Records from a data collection
○ ○ ○ ○ ○

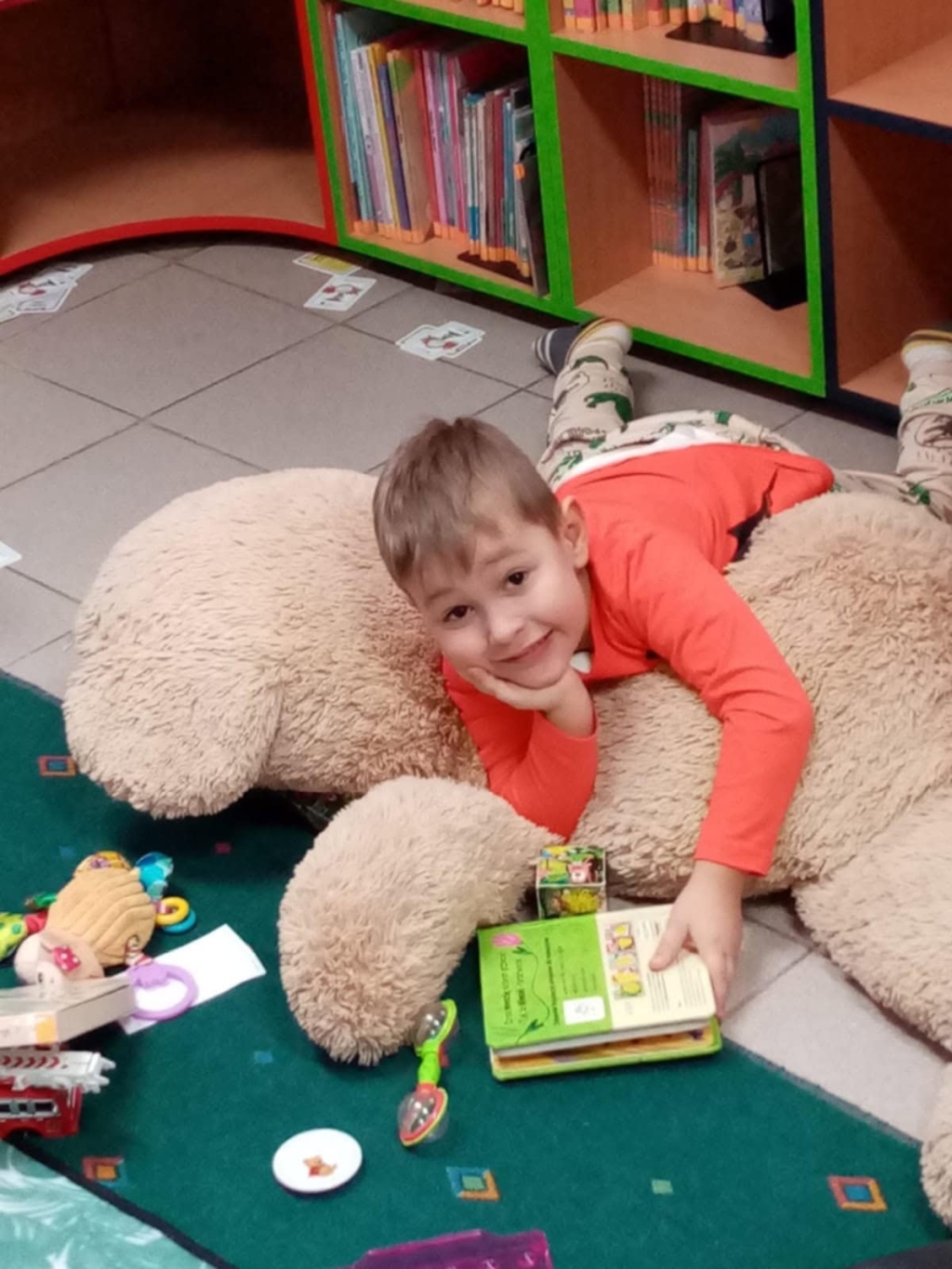 Światowy Dzień Pluszowego Misia. Z tej okazji bibliotekę w Dąbiu odwiedziły dwie grupy przedszkolaków. Dzieci w pełnym skupieniu wysłuchały bajki o Kubusiu Puchatku i jego przyjaciołach. Przedszkolaki dowiedziały się również jaka jest historia pluszowego misia i skąd się właściwie wziął. Potem przyszedł czas na quiz o bajkowych misiach, z którym zarówno młodsza jak i starsza grupa świetnie sobie poradziły. Każde dziecko miało także możliwość podzielenia się opowieściami o swoich ukochanych pluszakach. Na koniec dzieci mogły się pobawić z ogromnym pluszowym misiem, który tego dnia odwiedził Bibliotekę w Dąbiu oraz czekała je słodka niespodzianka.
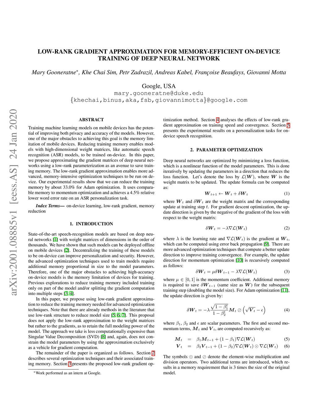 Training machine learning models on mobile devices has the potential of improving both privacy and accuracy of the models. However, one of the major obstacles to achieving this goal is the memory limitation of mobile devices. Reducing training memory enables models with high-dimensional weight matrices, like automatic speech recognition (ASR) models, to be trained on-device. In this paper, we propose approximating the gradient matrices of deep neural networks using a low-rank parameterization as an avenue to save training memory. The low-rank gradient approximation enables more advanced, memory-intensive optimization techniques to be run on device. Our experimental results show that we can reduce the training memory by about 33.0% for Adam optimization. It uses comparable memory to momentum optimization and achieves a 4.5% relative lower word error rate on an ASR personalization task.
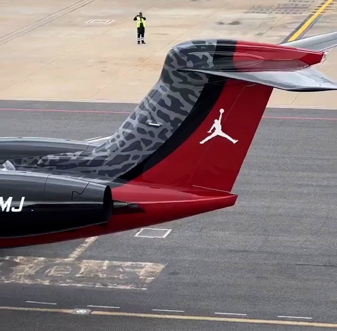 Uno de los aspectos más llamativos del avión de Jordan es su diseño exterior personalizado. La matrícula N236MJ no es casual: el “23” corresponde al icónico número de camiseta que utilizó durante su carrera, el “6” representa sus campeonatos de la NBA y “MJ” son sus iniciales. El trabajo de pintura, que supuso un coste adicional de USD 500.000, cubre la mayor parte del fuselaje con un patrón “elephant print”. Este diseño se extiende a las alas y la cola, donde una franja negra separa los distintos motivos y el característico logotipo “Jumpman” aparece destacado en la sección roja trasera. Los motores, pintados de negro, exhiben la matrícula personalizada, y las ventanillas ovaladas —doce de las dieciséis— están enmarcadas en rojo, aportando un toque distintivo al conjunto.
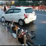 Detak-Palembang.com PALEMBANG – Kecelakaan beruntung terjadi akibat kendaraan roda empat hingga membuat kendaraan roda dua ikut menjadi korban di atas jembatan Ampera
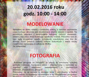 Miejski Ośrodek Kultury w Jezioranach zaprasza 20 lutego 2016 roku na "Kulturalną sobotę". W programie rodzinna przygoda z fotografią i modelarstwem.
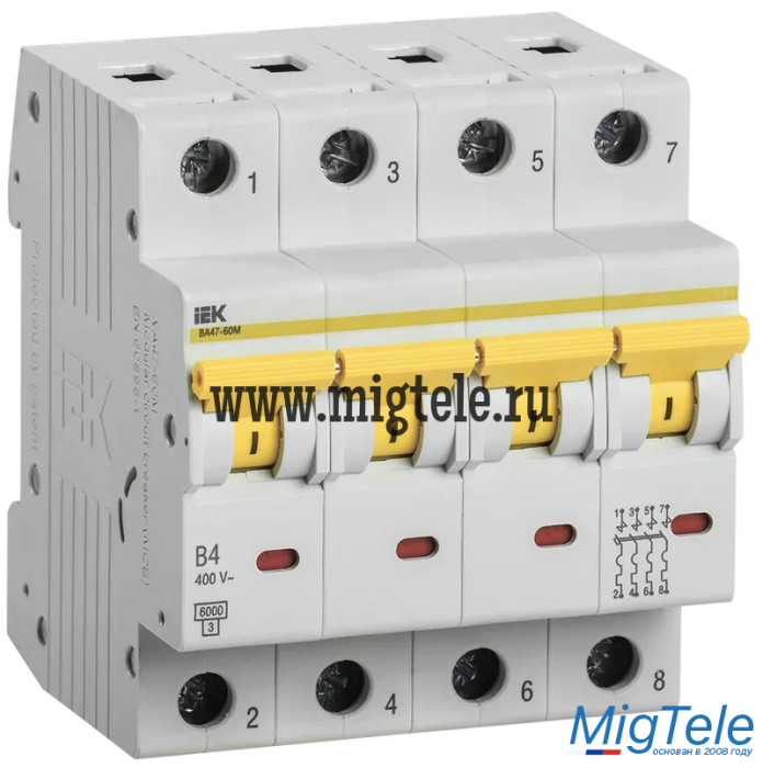 Описание IEK MVA31-4-004-B Выкл. авт. ВА47-60M 4Р 4А 6кА B
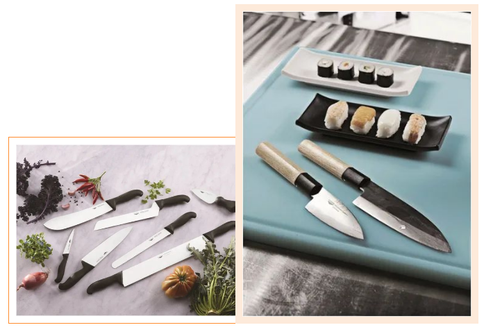 刀口锋利,不易生锈的刀具,舒适的握感,上手轻盈,切割不费劲。多种型号的刀具,满足厨房的不同需求。

○ ○ ○ ○ ○

-- ACTIVITY --
Reproduce the lines from the line with "Miejski Ośrodek Kultury" through the last line of the entries exactly, including both ends and excluding pictures.

-- PROBLEM SOLUTION --
 Miejski Ośrodek Kultury w Jezioranach zaprasza 20 lutego 2016 roku na "Kulturalną sobotę". W programie rodzinna przygoda z fotografią i modelarstwem.
 Описание IEK MVA31-4-004-B Выкл. авт. ВА47-60M 4Р 4А 6кА B
 刀口锋利,不易生锈的刀具,舒适的握感,上手轻盈,切割不费劲。多种型号的刀具,满足厨房的不同需求。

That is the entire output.